In the initial architecture, applications, databases, and files are all deployed on one server, as shown in the figure:

image

2. Separation of applications, data and files

With the expansion of the business, one server can no longer meet the performance requirements. Therefore, applications, databases, and files are deployed on independent servers, and different hardware is configured according to the purpose of the server to achieve the best performance.

image

3. Use cache to improve website performance

While
optimizing the performance of hardware, it also optimizes performance through software. In most website systems, caching technology is used to improve system performance. The use of caching is mainly due to the existence of hot data, and most website
visits follow the 28 principle (That is, 80% of the access requests end up on 20% of the data), so we can cache hot data to reduce the access paths of these data and improve the user experience.

image


The common way of cache Of course, there are also CDNs, reverse proxies, etc., which will be discussed later. Local cache, as the name implies, caches data locally on the application server, which can exist in memory
or in files. OSCache is a commonly used local cache component. The local cache is characterized by fast speed, but the amount of cached data is also limited due to limited local space. The characteristic of distributed cache is that
it can cache massive data, and it is very easy to expand. It is often used in portal websites, and its speed is not as fast as local cache. Commonly used distributed caches are Memcached and Redis.

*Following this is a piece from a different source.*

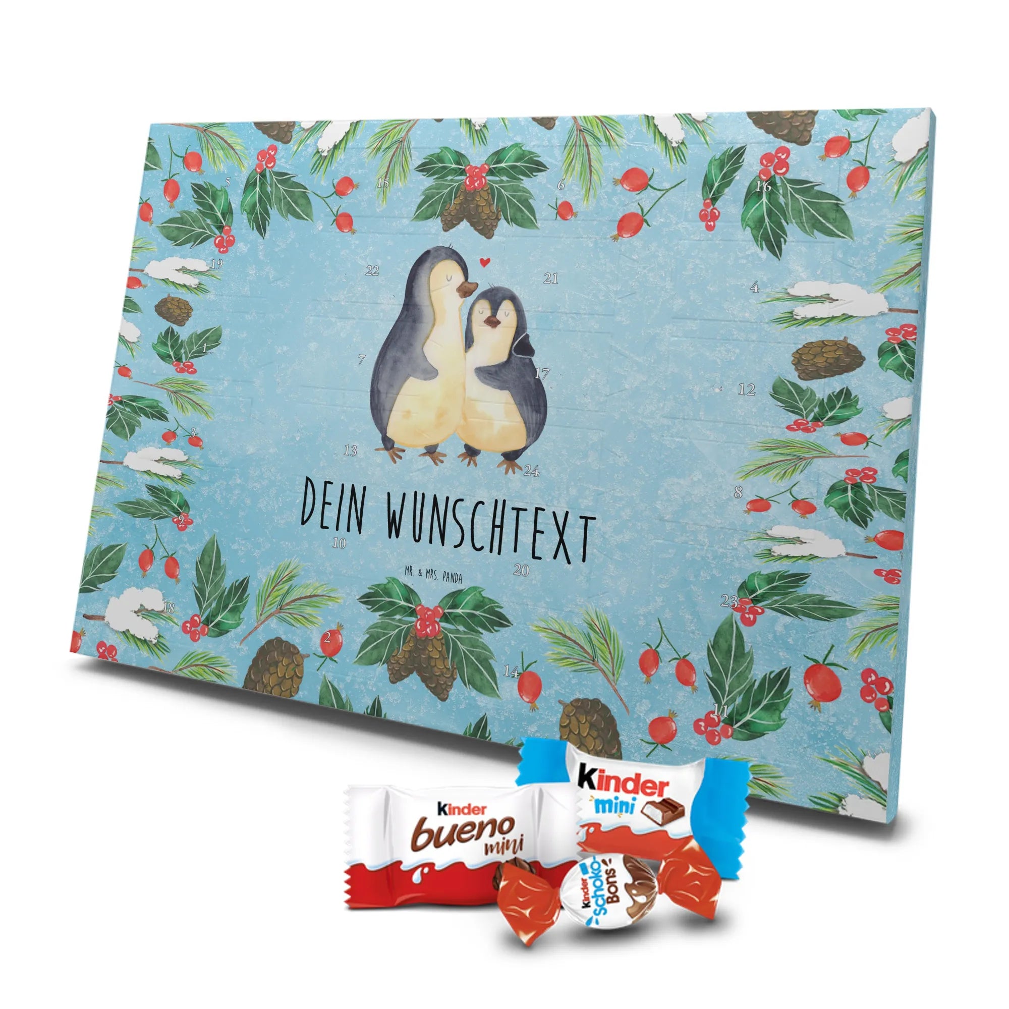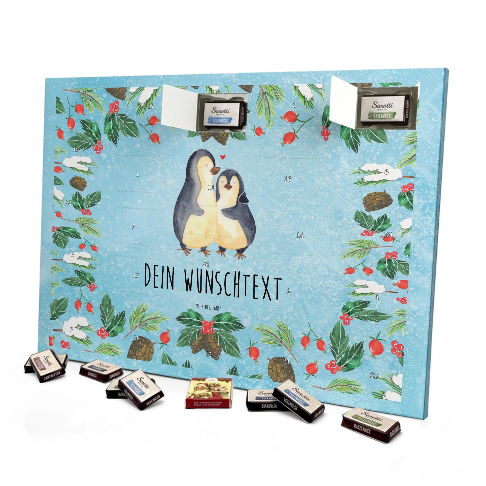Schenke Vorfreude, Nähe und süße Momente – mit dem personalisierten Schoko Adventskalender „Pinguin umarmend“ von Mr. & Mrs. Panda. Ein Adventskalender mit Namen, der von Herzen kommt.
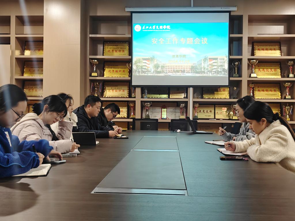 网讯(通讯员 王妍柳/文 王盛博/摄)为进一步强化校园安全管理,落实学校安全工作责任,维护和谐稳定的校园环境,11月25日,我院于信息学院会议室召开安全工作专题会议,我院党总支副书记王大专主持会议,各年级辅导员参加会议。

4. Using clusters to improve application server performance

As the entrance of the website, the application server will bear a large number of requests. We often share the number of requests through the application server cluster. A load balancing server is deployed in front of the application server to schedule user requests, and distribute requests to multiple application server nodes according to the distribution policy.

Architecture 4

Commonly used
load balancing technologies include F5 for hardware, which is relatively expensive, and software such as LVS, Nginx, and HAProxy. LVS is a four-layer load balancing, and internal
servers . Nginx and HAProxy are seven-layer load balancing, and internal servers can be selected according to the content of the message. Therefore, the LVS distribution path is better than Nginx and HAProxy, and the performance is higher. On the other hand,
Nginx and HAProxy are more configurable, for example, they can be used for dynamic and static separation (select a static resource server or an application server according to the characteristics of the request message).

5. Database read-write separation and sub-database sub-table

With
the increase in the number of users, the database becomes the biggest bottleneck. The commonly used methods to improve the performance of the database are to separate the read and write and sub-database and sub
- To achieve data synchronization. The sub-database sub-table is divided into horizontal segmentation and vertical segmentation, and the horizontal segmentation is to split a very large table in a database, such as a user table. Vertical segmentation is based on different businesses, such as user
business, commodity business related tables are placed in different databases.

Architecture 3

6. Use CDN and reverse proxy to improve website performance

If
our servers are all deployed in the computer room in Chengdu, the access is faster for users in Sichuan, but slower for users in Beijing. This is because Sichuan and Beijing belong to different developed regions of China Telecom and China Unicom, respectively.
In the area, users in Beijing need to go through a long path to access the server in Chengdu through an interconnected router, and the return path is the same, so the data transmission time is relatively long. In this case, CDN is often used
to solve the problem. CDN caches data content in the operator's computer room, and users obtain data from the nearest operator when accessing, which greatly reduces the path of network access. More professional CDN operators include Lanxun and Wangsu.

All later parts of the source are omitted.